WHAT IS REQUIRED: This exercise calls for every record to be returned exactly, with pictures removed.

STUDY MATERIAL:
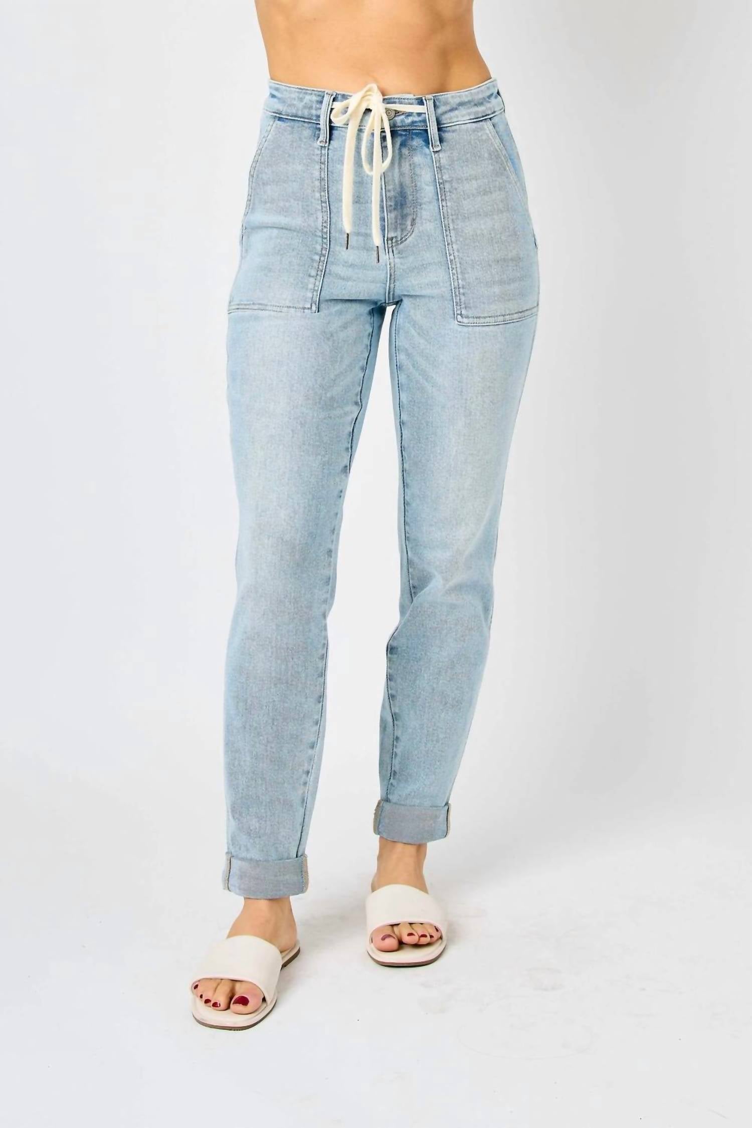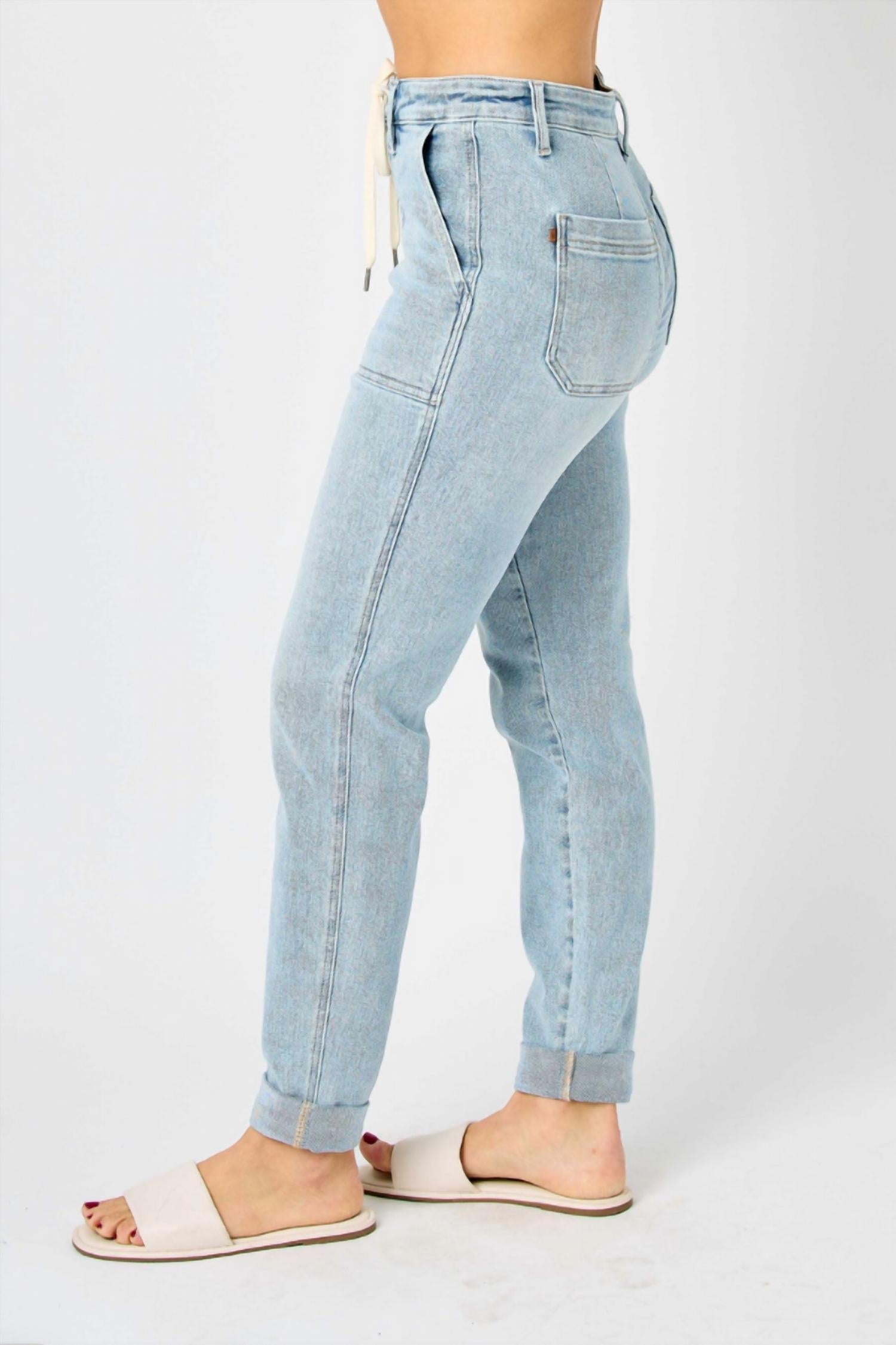 The perfect pant for running around town and looking cool while doing it. Introducing the Judy Blue High Waist Vintage Washed Joggers in a stylish light wash, expertly crafted for both style and comfort. These joggers feature a high waist and a vintage double cuff for a modern, laid-back look, complete with a straight leg. Made from a cotton blend (94% Cotton, 5% Polyester, 1% Spandex), these joggers are perfect for cozy days with a convenient pull-on closure. Care instructions: Machine wash and tumble dry. Front rise measures 11.25", with inseam options of 31" uncuffed or 29" cuffed.
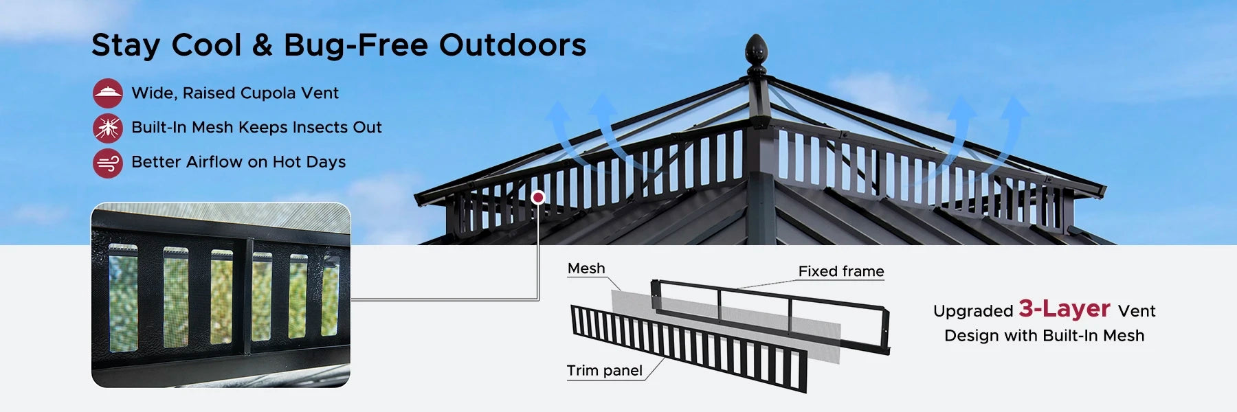 Extra-Tall, Wide Vent Top for Cooling Airflow with Mesh Netting to Block Bugs
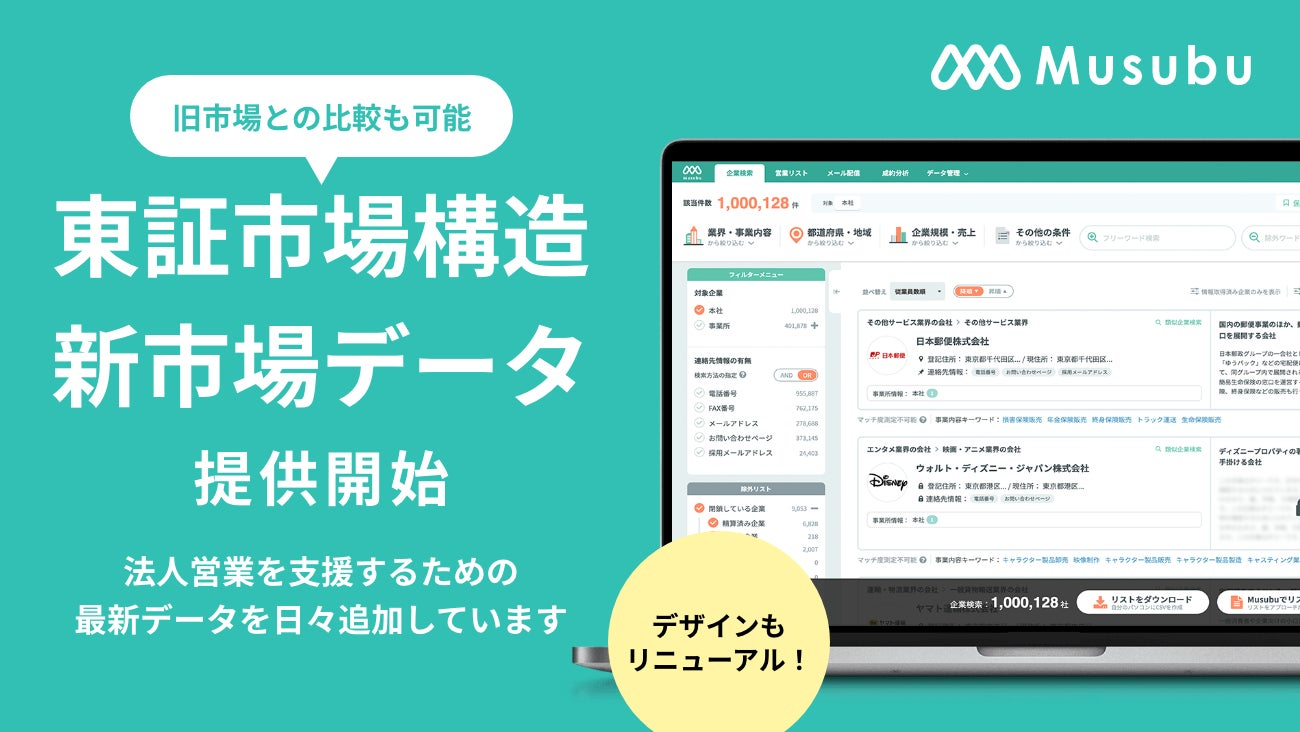 累計10万社導入・法人営業支援ソリューション「Musubu」(https://musubu.in/)を中心に、新商品開発・新規事業開発を担当しております。また、パートナー企業様へのデータ提供・協業 / DX支援を担当しておりますのでお気軽にご相談ください。
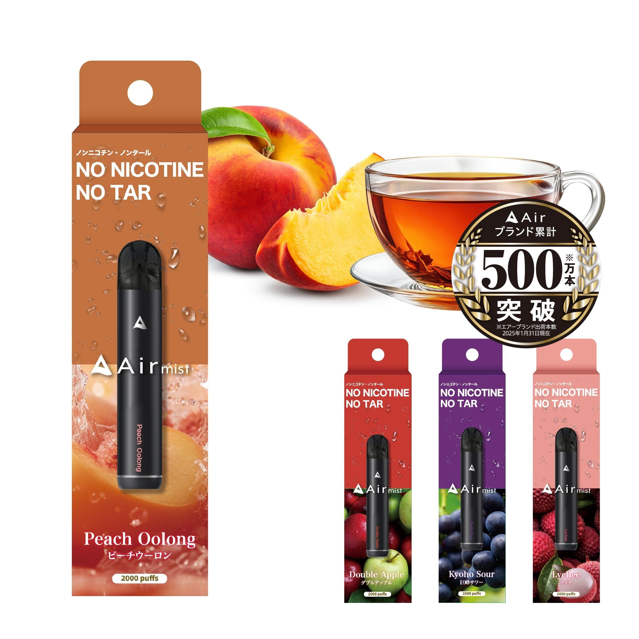 【公式】 全6フレーバー Air mist 約2,000パフ エアーミスト べイプ 持ち運び シーシャ ポケット vape 使い捨て 電子タバコ (1本, ピーチウーロン)
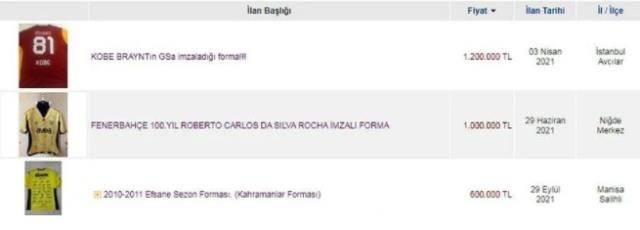 NTV'de yer alan habere göre; İnternet sitesindeki ilanlar arasında helikopter kazasında hayatını kaybeden dünyaca ünlü basketbolcu Kobe Bryant'ın, 2011 senesinde Galatasaray'ı ziyaret edip antrenmanda oyuncularla sohbeti sırasında giydiği forma, fiyatı ile en çok dikkati çeken ilan oldu. İstanbul'dan ilanı veren internet kullanıcısı, formayı 1 milyon 200 bin liraya satışa çıkardı.
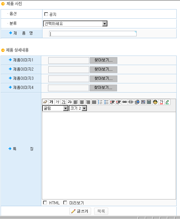 글쓰기 페이지에서 특징 입력부분이 아예 뜨질않네요. cheditor 문제같아요..
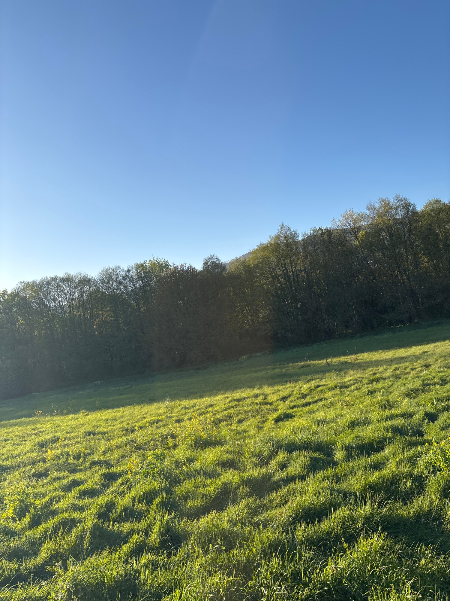 A landscape photograph showing a bright, clear blue sky occupying a large portion of the image, contrasting with a line of trees bordering a green field. The trees appear dense, forming a natural barr…read more

ANSWER FOR THE TASK:
 The perfect pant for running around town and looking cool while doing it. Introducing the Judy Blue High Waist Vintage Washed Joggers in a stylish light wash, expertly crafted for both style and comfort. These joggers feature a high waist and a vintage double cuff for a modern, laid-back look, complete with a straight leg. Made from a cotton blend (94% Cotton, 5% Polyester, 1% Spandex), these joggers are perfect for cozy days with a convenient pull-on closure. Care instructions: Machine wash and tumble dry. Front rise measures 11.25", with inseam options of 31" uncuffed or 29" cuffed.
 Extra-Tall, Wide Vent Top for Cooling Airflow with Mesh Netting to Block Bugs
 累計10万社導入・法人営業支援ソリューション「Musubu」(https://musubu.in/)を中心に、新商品開発・新規事業開発を担当しております。また、パートナー企業様へのデータ提供・協業 / DX支援を担当しておりますのでお気軽にご相談ください。
 【公式】 全6フレーバー Air mist 約2,000パフ エアーミスト べイプ 持ち運び シーシャ ポケット vape 使い捨て 電子タバコ (1本, ピーチウーロン)
 NTV'de yer alan habere göre; İnternet sitesindeki ilanlar arasında helikopter kazasında hayatını kaybeden dünyaca ünlü basketbolcu Kobe Bryant'ın, 2011 senesinde Galatasaray'ı ziyaret edip antrenmanda oyuncularla sohbeti sırasında giydiği forma, fiyatı ile en çok dikkati çeken ilan oldu. İstanbul'dan ilanı veren internet kullanıcısı, formayı 1 milyon 200 bin liraya satışa çıkardı.
 글쓰기 페이지에서 특징 입력부분이 아예 뜨질않네요. cheditor 문제같아요..
 A landscape photograph showing a bright, clear blue sky occupying a large portion of the image, contrasting with a line of trees bordering a green field. The trees appear dense, forming a natural barr…read more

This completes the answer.